St. Louis’ STLToday.com had an interesting article about the change in demographics at today’s nursing homes including healthy mentally ill patients sharing homes with elderly vulnerable residents.   The conventional wisdom is that nursing home residents are frail and elderly. That’s not the reality.   Increasingly, adults with serious mental illness are being housed and cared for in  nursing homes.  Nationally, the number of mentally ill nursing home patients has jumped by 41 percent since 2002, an analysis by the Associated Press showed. In Missouri, it climbed by 76 percent. 

The article discusses the recent forced closure of Whispering Oaks after a well that supplied water froze, causing toilets to overflow. The facility had a history of fire and safety violations. State nursing home regulators tried to suspend its license last June. Whispering Oaks housed a number of patients with serious mental illness.   Several were relocated to another nursing home in St. Louis — owned by a psychiatrist — that also has been cited for safety violations in the past two years.

In theory, no one is supposed to be admitted to a nursing home unless he has disabilities that require extra care or supervision.
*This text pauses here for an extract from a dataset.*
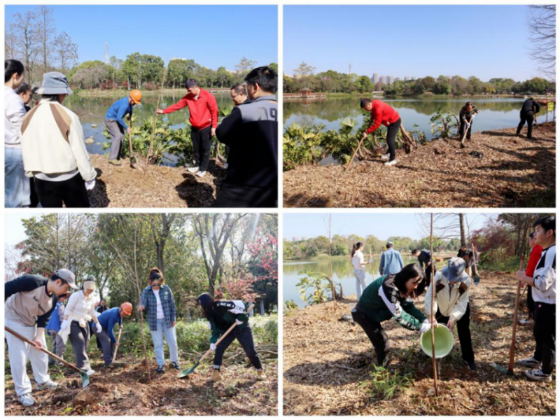 在实操植树环节,志愿者们热情高涨、分工协作,在专业技术人员的指导下挥锹挖坑、扶正树苗、填土压实、提水浇灌,每一个步骤都认真细致、有条不紊。尽管鞋子沾满泥土,汗水浸湿衣衫,但看着阳光下迎风挺立的树苗,大家的喜悦与自豪溢于言表。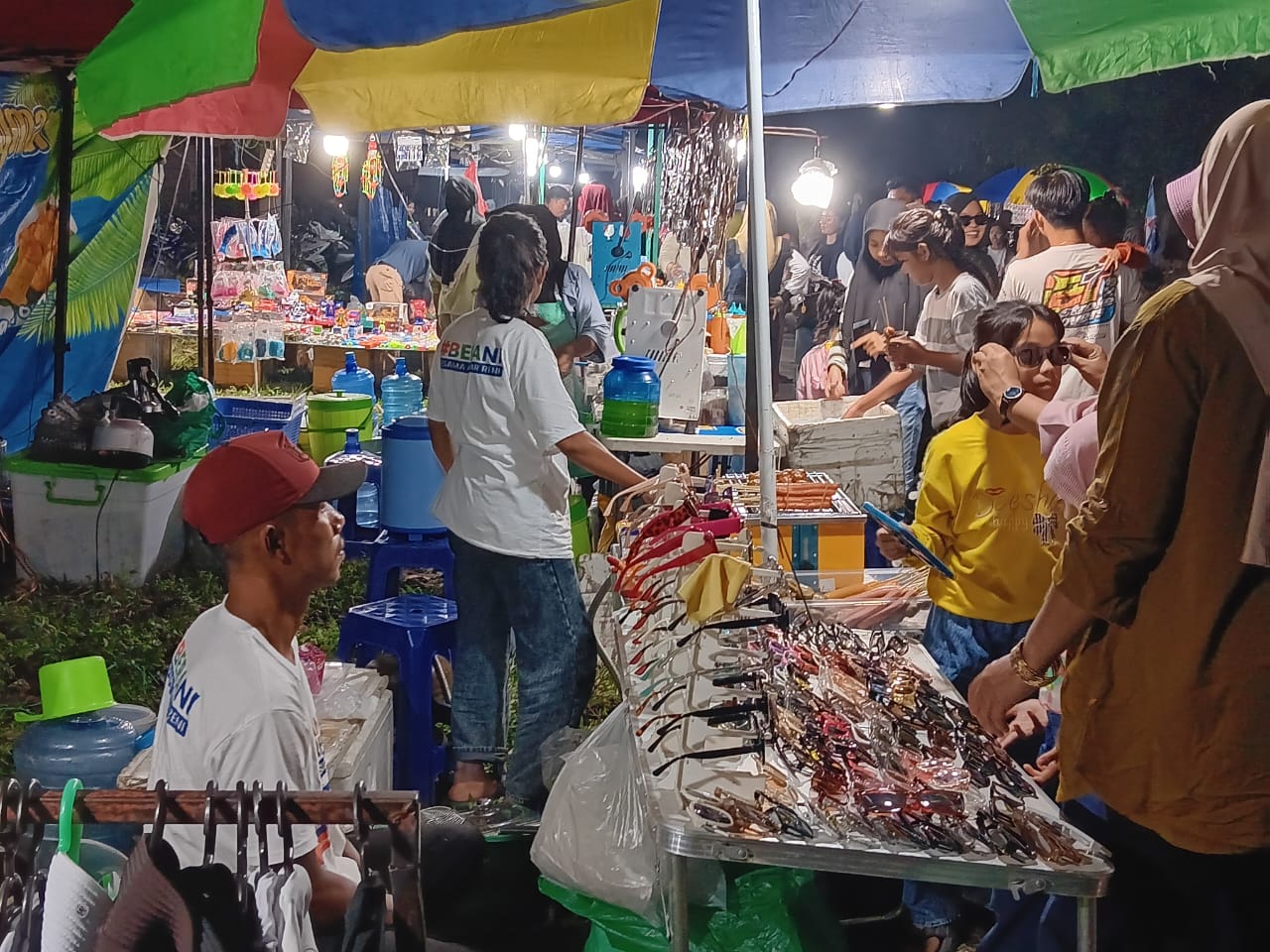 “Jadi untuk lampu menerangan kami tinggal berbagi dengan pedagang lain, karena sudah dibantu dengan panitia,” ungkapnya lagi.

That requirement is contained in the 1980s-era federal Nursing Home Reform Act.   But state officials estimate that about 2,500 people are in Missouri nursing homes primarily because they are mentally ill. They could be treated in a less restrictive — and less expensive — setting.  Missouri consistently has failed to fulfill its responsibilities to people with mental illness. The share of state funding for treating the mentally ill has been shrinking for decades.

Missouri could get federal money to help provide housing and treatment to patients with serious mental illness — but only if it came up with matching state funds, which the Legislature has refused to do.  The result of this neglect isn’t just tragedy for the mentally ill. In Illinois and other states, it’s also a tragedy for elderly nursing home patients and their families.

When the state budget is tight and elderly people are increasingly opting for home care, it’s tempting to see nursing homes as a short-term solution to the chronic lack of care for the mentally ill. It may be tempting, but it is wrong.

People with mental illness deserve housing and care in the communities where they live, not in facilities designed for the frail elderly.